**Your assignment**:
The records that follow are to be repeated exactly, with no pictures carried over.

[Stored entries]
___

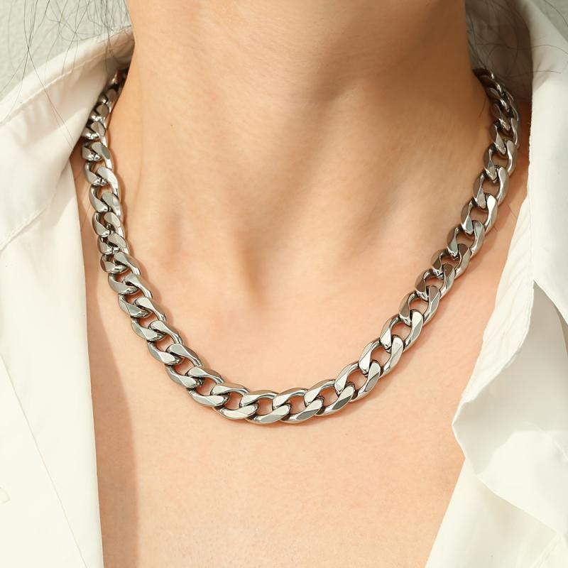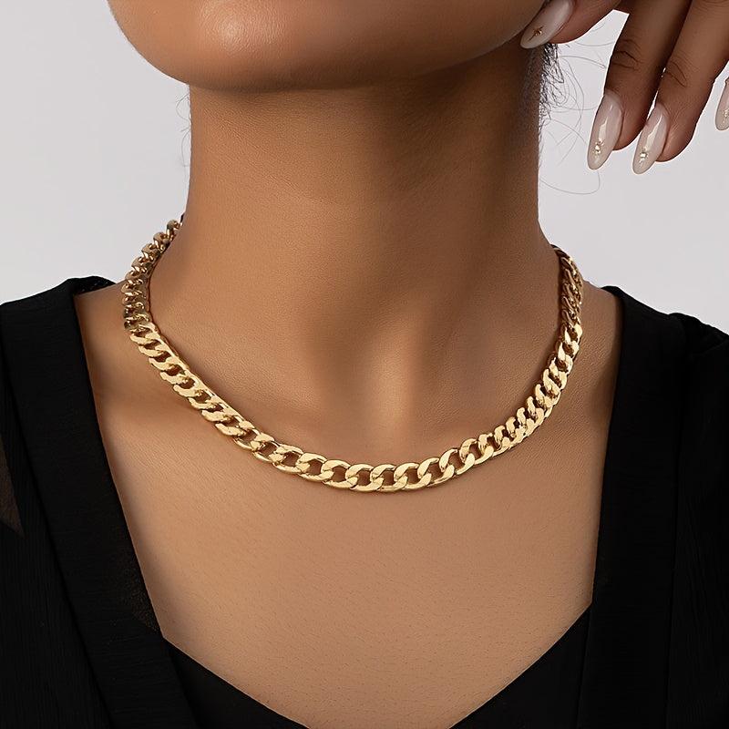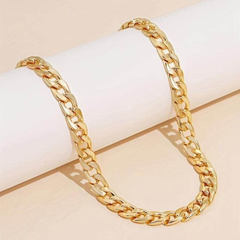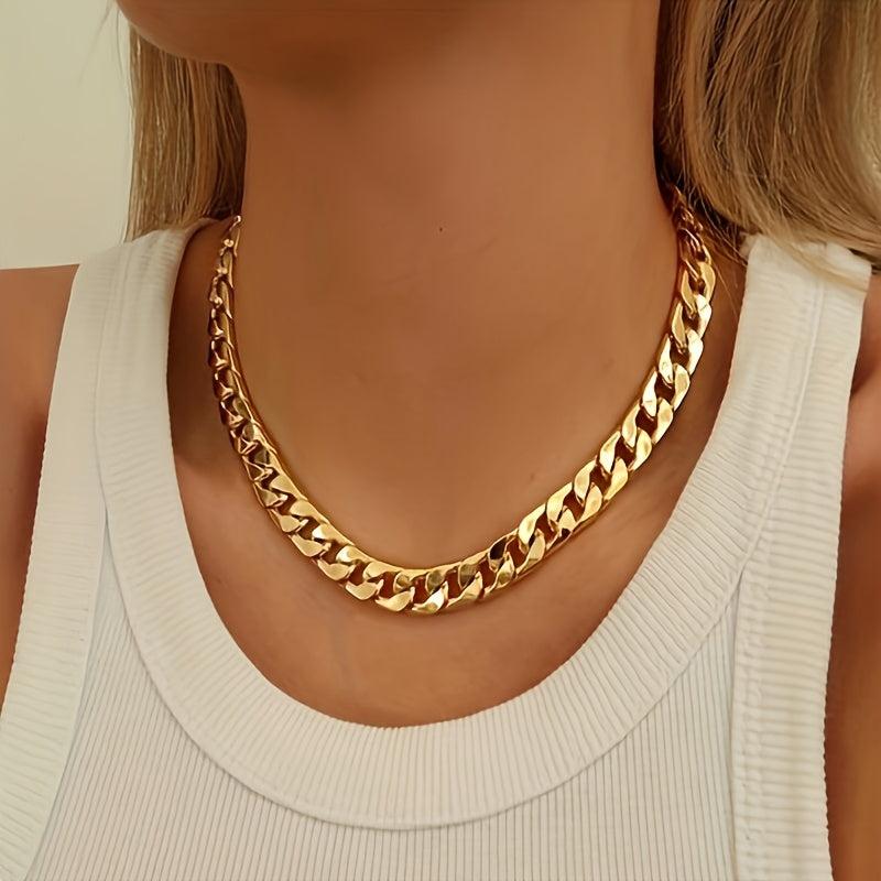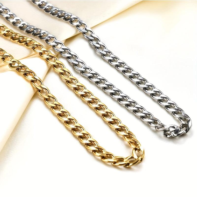 Elevate your party look with this golden tone stainless steel cuban chain necklace. It's perfect for vacations, festivals, and year-round wear.
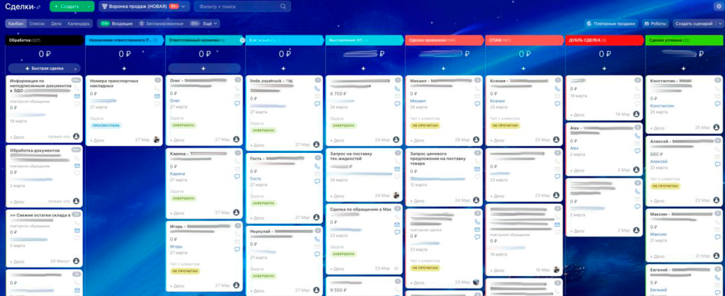 - повышение качества работы менеджеров и прозрачности процессов в воронке продаж.
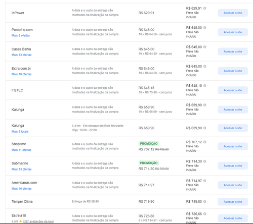 Menor preço segundo o Google Shopping
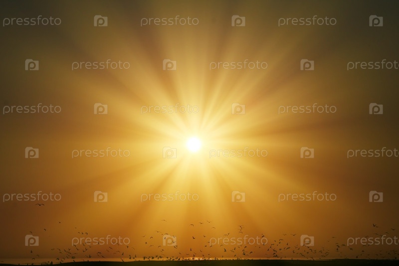 Лучи солнца, птицы, оранжевое небо
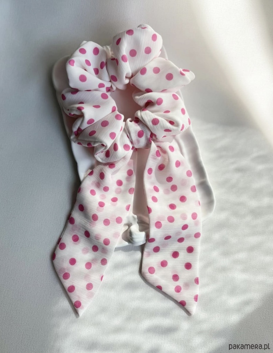 Scrunchie Dottie to to niezwykle efektowna gumka do włosów w różowe kropeczki. Subtelna i bardzo dziewczęca. Puchata i leciutka jak chmurka.
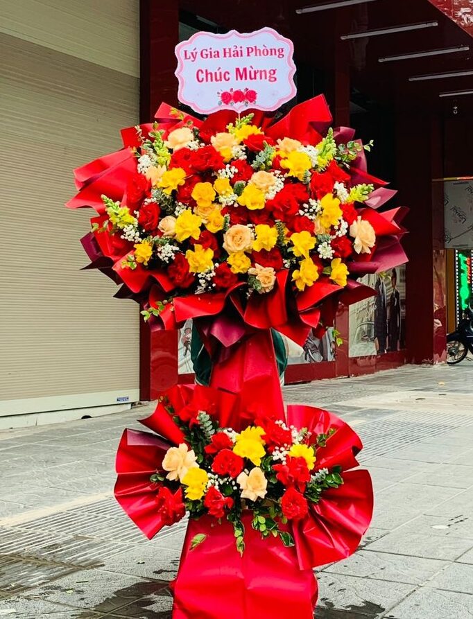 Một kệ hoa đẹp không chỉ làm nổi bật không gian mà còn truyền tải lời chúc ý nghĩa.
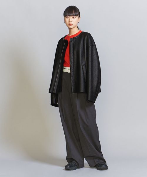 Tシャツとメンズライクなタックパンツに羽織るだけで重厚感のあるスタイルが完成。

___

**Written response**:
 Elevate your party look with this golden tone stainless steel cuban chain necklace. It's perfect for vacations, festivals, and year-round wear.
 - повышение качества работы менеджеров и прозрачности процессов в воронке продаж.
 Menor preço segundo o Google Shopping
 Лучи солнца, птицы, оранжевое небо
 Scrunchie Dottie to to niezwykle efektowna gumka do włosów w różowe kropeczki. Subtelna i bardzo dziewczęca. Puchata i leciutka jak chmurka.
 Một kệ hoa đẹp không chỉ làm nổi bật không gian mà còn truyền tải lời chúc ý nghĩa.
 Tシャツとメンズライクなタックパンツに羽織るだけで重厚感のあるスタイルが完成。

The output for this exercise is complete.